Gibbs free-energy change is the maximum amount of energy available from any chemical reaction
- It is represented by the symbol ΔG°
- It is for chemical processes in which all the reactants and products are present in a standard state
- This includes:
  - Pure substances
  - Solutions of 1.0 M
  - Gases at a pressure of 1.0 atm (or 1.0 bar)
When ΔG^° is negative, the reaction is thermodynamically favored and likely to occur
When ΔG^°is positive, the reaction is not thermodynamically favored and unlikely to occur
When a reaction is described as thermodynamically favorable it refers to whether the reaction takes place of its own accord
This is an outcome of the second law of thermodynamics which states that any physical or chemical change must result in an increase in the entropy of the universe
We can see examples of this all around us:
- Cups fall off tables and spontaneously break into many pieces, never the other way around
- Hot objects always cool and spread their heat into the surroundings, never the other way around
- Earthquakes destroy buildings and create chaos and disorder
- When living things die they decompose and change from complex ordered systems into disordered simple molecules
The standard Gibbs free energy change for a physical or chemical process can be determined in two ways:
- The first is using standard Gibbs free energy of formation of the reactants and products
  - The equation used is:
    ΔG° = ΣΔG_f°_products - ΣΔG_f°_reactants
- The second is by considering the following factors:
  - Enthalpy change
  - Entropy change
  - These come together to give the following equation:
    ΔG^° = ΔH^° - TΔS^°
- The units of ΔG^°are in kJ mol^-¹
- The units of ΔH^° are in kJ mol^-¹
- The units of T are in K
- The units of ΔS^° are in J K^-1mol^-¹(and must therefore be converted to kJ K^-¹mol^-¹ by dividing by 1000

Worked Example

Calculate ΔG° for the combustion of propane.

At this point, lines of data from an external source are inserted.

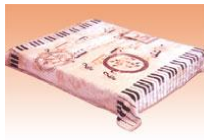
→ NO: 302
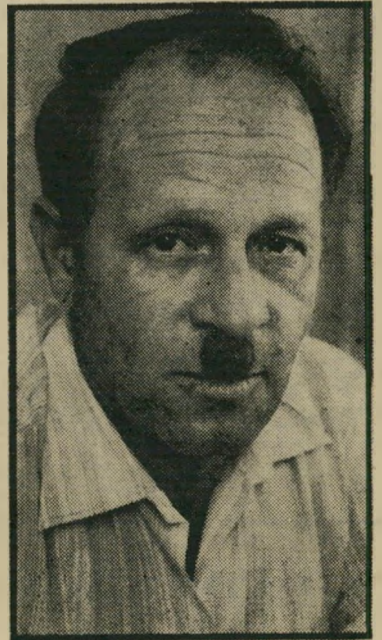
נכחיה"ל עיצוני הרגליים החרמו

אנשי ההוצאה לפועל הגיעו אל ביתו שבצפת, החרימו שם את המכונית שקיבל
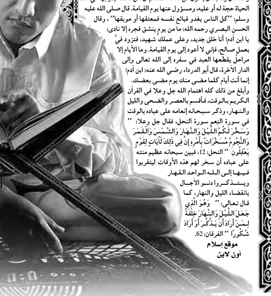
موقع إسلام أون لاين

بمفارقة الأبدان، وعند النفخة الثانية تعاد الأرواح إلى الأبدان. وقد دل على ذلك الأحاديث الدالة على تعميم الأرواح وعذابها بعد المفارقة إلى أن يرجعها الله في أجسادها، وقد أخبر سبحانه أن أهل الجنة “ لَا يَدْخُلُونَ فِيهَا الْمَوْتُ إِلَّا مَوْتَهُمُ الْأُولَى ” الدخان: 56، وتلك الموتة هي مفارقة الروح للجسد. وقال النووي رحمه الله معلقاً على حديث النبي صلى الله عليه وسلم عن الشهداء، والحديث في “صحيح مسلم” وفيه: “أرواح في أجواف طير خضراء، لها فتاديل معلقة بالعرش، تُشرح من الجنة حيث شاءت، ثم تأتي إلى تلك القناديل” . فقال النووي رحمه الله قال القاضي عياض: “إن الأرواح باقية لا تنفث، فينم الحسنة، ويغضب السيئة، وقد جاء به القرآن والآثار وهو مذهب أهل السنة” .

C₃H₈ (l) + 5O₂ (g) → 3CO₂ (g) + 4H₂O (l)

	C₃H₈	CO₂	H₂O
ΔG_f° (kJ mol^-1)	-23.5	-394.4	-228.6

Answer:

ΔG° = ΣΔG_f°_products - ΣΔG_f°_reactants
- ΣΔG_f°_products= 3(-394.4) + 4(-228.6) = -2097.6 kJ mol^-¹
- ΣΔG_f°_reactants= -23.5 kJ mol^-¹
ΔG° = -2097.6 - (-23.5)
ΔG° = 2074.1 kJ mol^-¹

Oxygen has a Gibbs free energy of formation of 0 due to being an element so is not included.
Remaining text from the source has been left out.